§ **ABOUT THIS TASK**
Go to the line with "달콤한 소녀 줄무늬 레이스" in the material below and copy from there through the line with "- True hand-raised", exactly. Pictures are not copied.

RECORDS TO USE Block Start

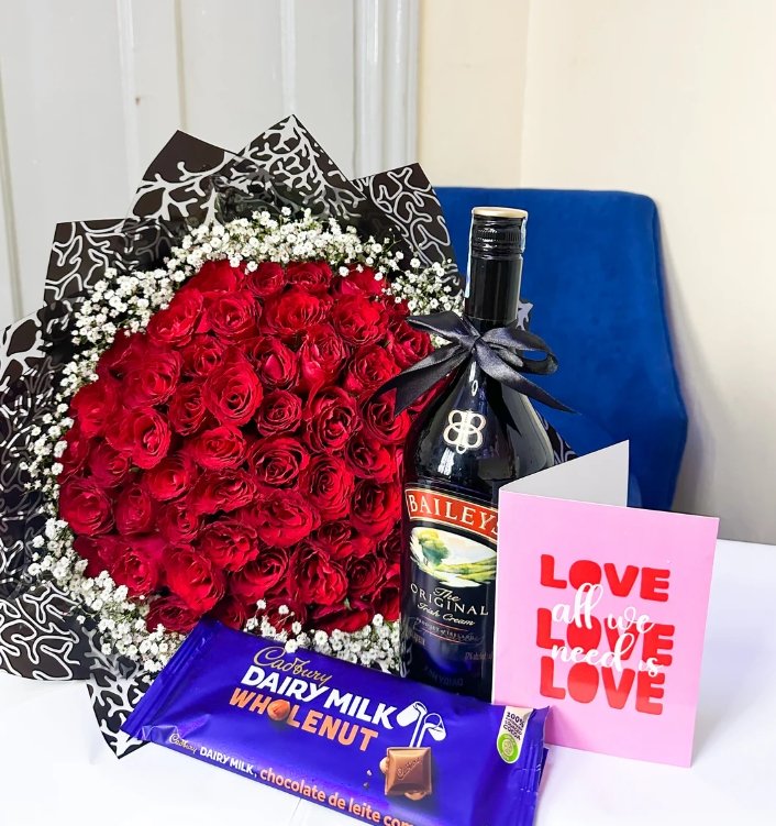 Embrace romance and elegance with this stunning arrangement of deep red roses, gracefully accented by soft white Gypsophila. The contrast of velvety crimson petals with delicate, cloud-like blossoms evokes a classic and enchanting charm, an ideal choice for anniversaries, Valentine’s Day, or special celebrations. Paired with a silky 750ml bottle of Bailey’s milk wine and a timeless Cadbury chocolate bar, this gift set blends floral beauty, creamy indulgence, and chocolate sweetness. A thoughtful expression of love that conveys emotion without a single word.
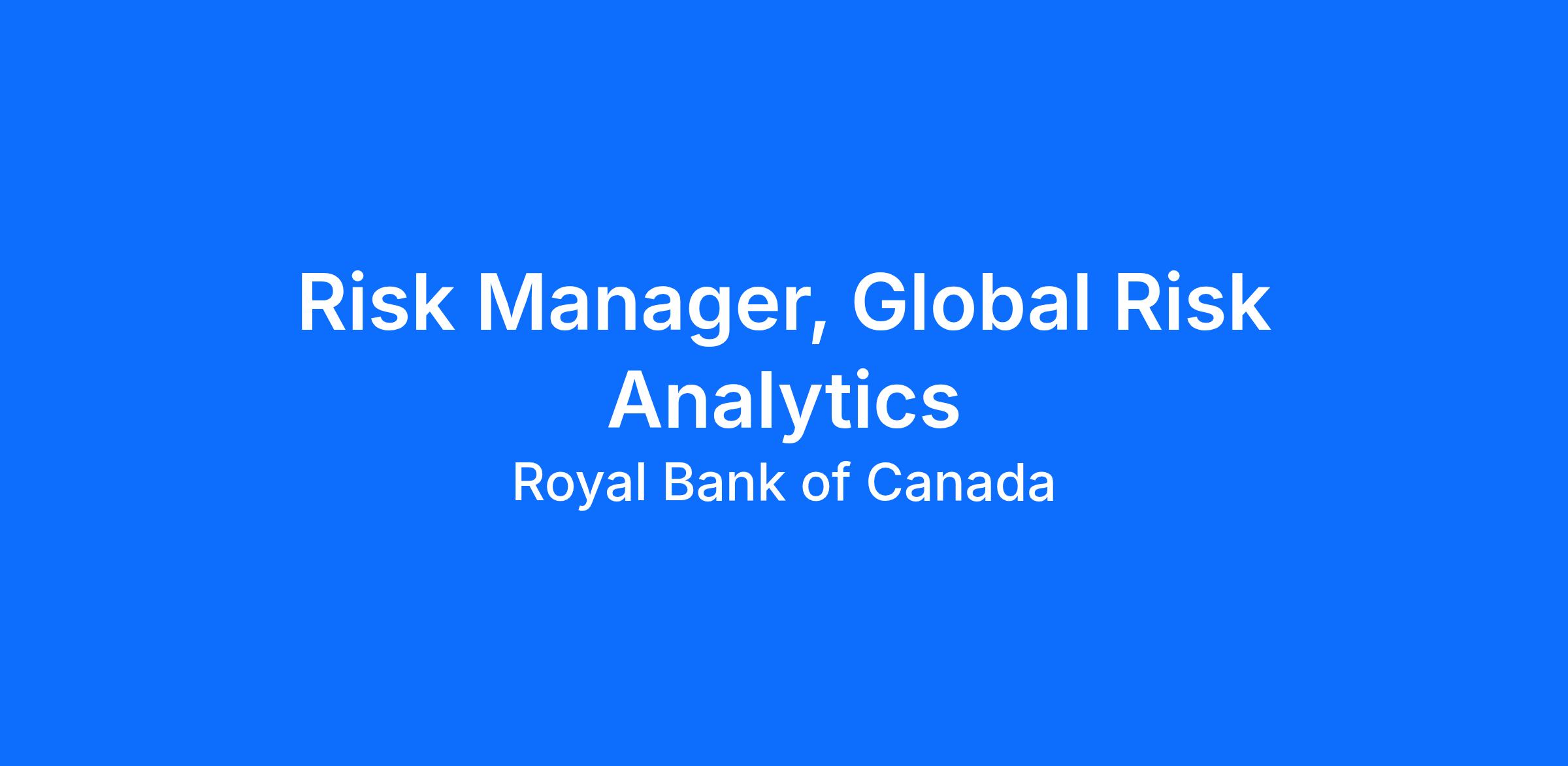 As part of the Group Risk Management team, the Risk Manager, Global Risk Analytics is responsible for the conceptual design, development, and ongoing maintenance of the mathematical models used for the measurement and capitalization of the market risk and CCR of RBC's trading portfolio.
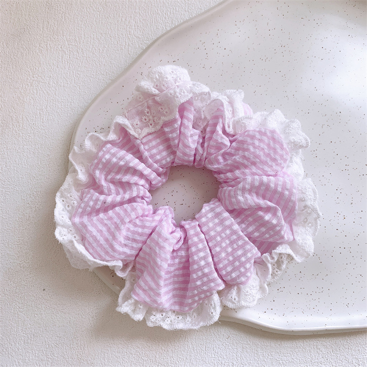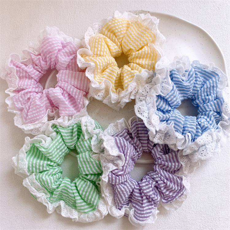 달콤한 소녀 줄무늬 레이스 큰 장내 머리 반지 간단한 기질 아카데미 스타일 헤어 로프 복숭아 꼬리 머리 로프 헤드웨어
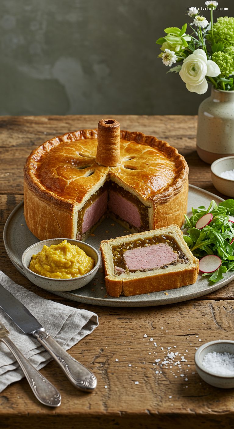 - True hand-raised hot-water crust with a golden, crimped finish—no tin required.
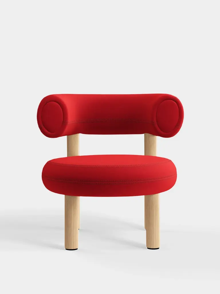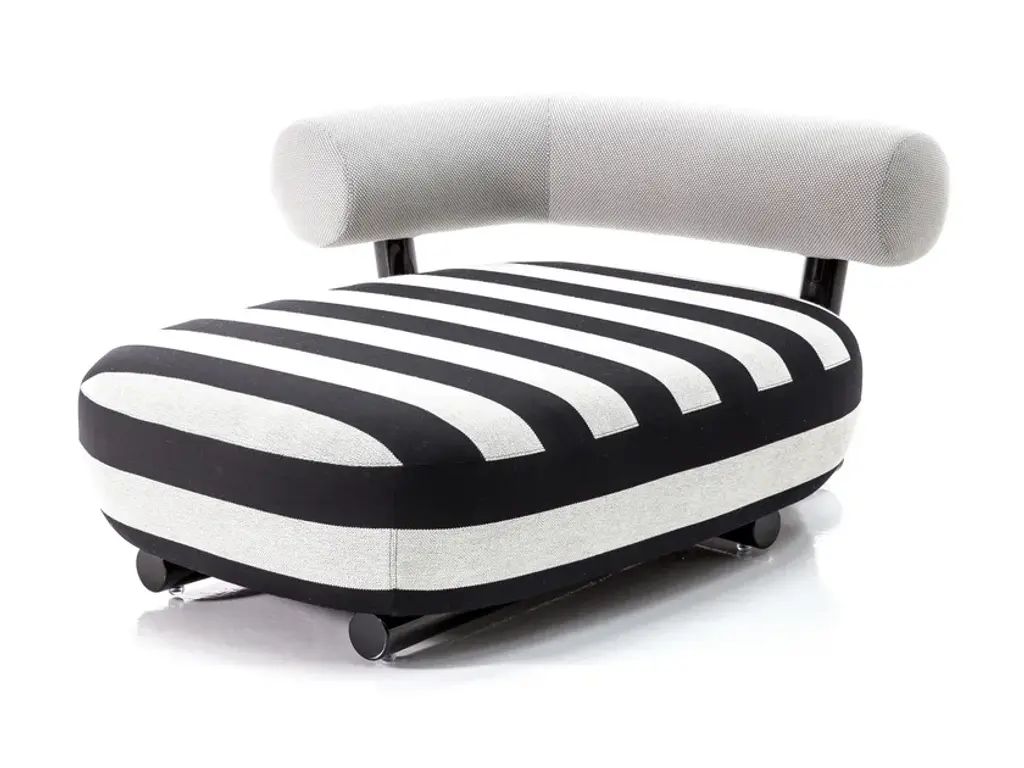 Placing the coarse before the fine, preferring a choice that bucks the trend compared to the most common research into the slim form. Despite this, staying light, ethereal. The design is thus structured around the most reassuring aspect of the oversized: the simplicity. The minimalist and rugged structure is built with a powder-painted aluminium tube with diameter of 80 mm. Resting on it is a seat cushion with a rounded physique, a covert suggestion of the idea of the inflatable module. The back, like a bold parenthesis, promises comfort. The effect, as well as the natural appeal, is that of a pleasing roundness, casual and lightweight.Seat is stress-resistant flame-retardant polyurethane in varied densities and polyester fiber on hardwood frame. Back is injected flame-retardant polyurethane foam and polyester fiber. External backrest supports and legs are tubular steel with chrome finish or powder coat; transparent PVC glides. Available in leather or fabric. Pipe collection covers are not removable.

RECORDS TO USE Block End

§ **EXERCISE SOLUTION**
 달콤한 소녀 줄무늬 레이스 큰 장내 머리 반지 간단한 기질 아카데미 스타일 헤어 로프 복숭아 꼬리 머리 로프 헤드웨어
 - True hand-raised hot-water crust with a golden, crimped finish—no tin required.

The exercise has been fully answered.